“You are [from] Illinois, right? Why would you consider anywhere else?” said a University of Illinois dean, not facetiously, at a WYSE state competition. Also, she said in her German-accented English, that we may have heard UI is one of the best engineering schools in the nation. “Dose ahr not liess,” she said, terrifyingly.
An honors student said she was once sent out of class for being rude to her teacher. “Of course I get in trouble for complaining that my class isn’t hard enough,” she said. Another honors student commented, “that’s a nerd in-school suspension.”
Earlier, she had said, “Yak, yak, yak: nerds like to yak,” before the introductions to a state-level engineering competition.
“I haven’t shaved since I was born,” said a girl in my English class, apropos of very little.
A girl who is a high school junior said she’s too busy to be “a ho.” “I’m not a ho. If I had time, I still wouldn’t be a ho,” she explained.
My wife said of our cat: “Why so bitchy-witchy, kitty?”
At the diner, Sunday morning: A 50-ish man paying his bill said to a 20-ish waitress: “Did you go to Stillman [high school]? You were a cheerleader.”
“Getting job applications with Michael,” snipped a girl wearing black shorts and a white Illinois State-logo sweatshirt into a cellphone at a local grocery store, about 4:20 p.m.
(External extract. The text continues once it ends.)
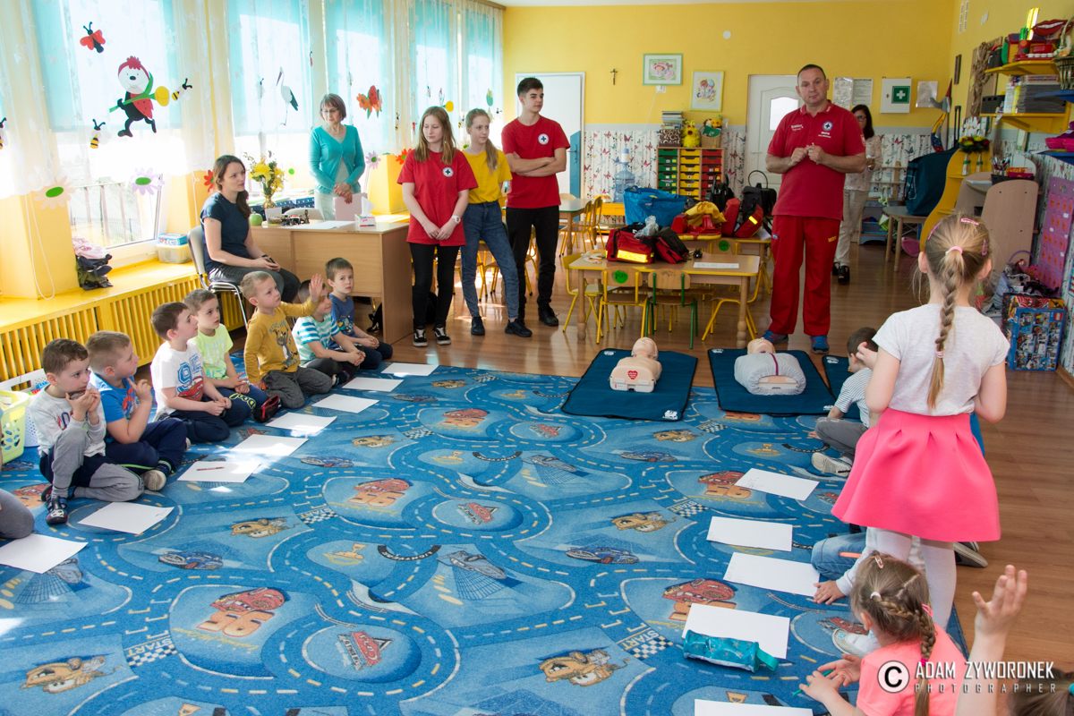 Ratownicy przekazali też podstawy resuscytacji na przywiezionych ze sobą fantomach. Podkreślali, że wiedza z zakresu udzielania pierwszej pomocy jest niezbędna nawet przedszkolakom, które mogą w razie potrzeby udzielić pomocy swoim najbliższym i nie tylko.

Wednesday.
After a sophomore asked if we could have fun in my English class Friday, I declined his offer, and he answered, “You hate fun.” “I get paid to hate fun,” I confirmed.
After a student said on Facebook that she couldn’t tell the difference between “affect” and “effect.” I responded that there is no difference between “affect” and “effect”; that’s just something we English teachers tell students in order to keep them busy with worksheets.